Exporting excel to xml spreadsheet with blank cells
-
08-07-2019 - |
Question
I am exporting an excel workbook into xml spreadsheet. The excel has lets say 10 columns and 10 rows. Some of the cells are empty(i.e with no value).
When i save the file into xml spreadsheet and review the row that has blank cell in it, it has only cells: the cell with the empty value is not there and the xml show that the cell before the blank, and the cell after the blank are one after another (the empty cell just doesn't exists).
Here is a sample of the xml:
<Cell ss:StyleID="s36"><Data ss:Type="Number">cell1</Data><NamedCell
ss:Name="Print_Area"/></Cell>
<Cell><Data ss:Type="String">cell2</Data><NamedCell ss:Name="Print_Area"/></Cell>
<Cell><Data ss:Type="String">cell4</Data><NamedCell
ss:Name="Print_Area"/></Cell>
The missing cell is cell3
Is there a way to ask excel not to save space? The recreation is not that easy as it seems using xslt?
Solution
If the cell is empty this seems a reasonable optimization to save space - why should it not be missing.
You have enough information to recreate the original spreadsheet
OTHER TIPS
Exactly where is the information stored that lets him recreate the spreadsheet? If these rows:
- Data, empty, Data, empty, Data
- Data, Data, Data, empty, empty
- Data, empty, empty, Data, Data
all give
- Row
- Cell Data /Data /Cell
- Cell Data /Data /Cell
- Cell Data /Data /Cell
- /Row
You may build your own VBA macro. Like this one. And add a reference to Microsoft.xml.
Sub makeXml()
ActiveCell.SpecialCells(xlLastCell).Select
Dim lastRow, lastCol As Long
lastRow = ActiveCell.Row
lastCol = ActiveCell.Column
Dim iRow, iCol As Long
Dim xDoc As New DOMDocument
Dim rootNode As IXMLDOMNode
Set rootNode = xDoc.createElement("Root")
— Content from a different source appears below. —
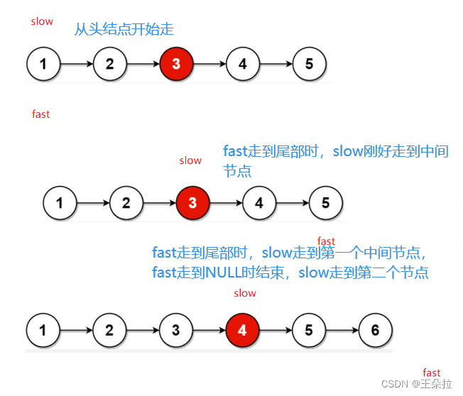 //利用快慢指针,找到中间节点,slow走一步,fast走两步

Dim rowNode As IXMLDOMNode
Dim colNode As IXMLDOMNode
'loop over the rows
For iRow = 2 To lastRow
Set rowNode = xDoc.createElement("Row")
'loop over the columns
For iCol = 1 To lastCol
If (Len(ActiveSheet.Cells(1, iCol).Text) > 0) Then
Set colNode = xDoc.createElement(GetXmlSafeColumnName(ActiveSheet.Cells(1, iCol).Text))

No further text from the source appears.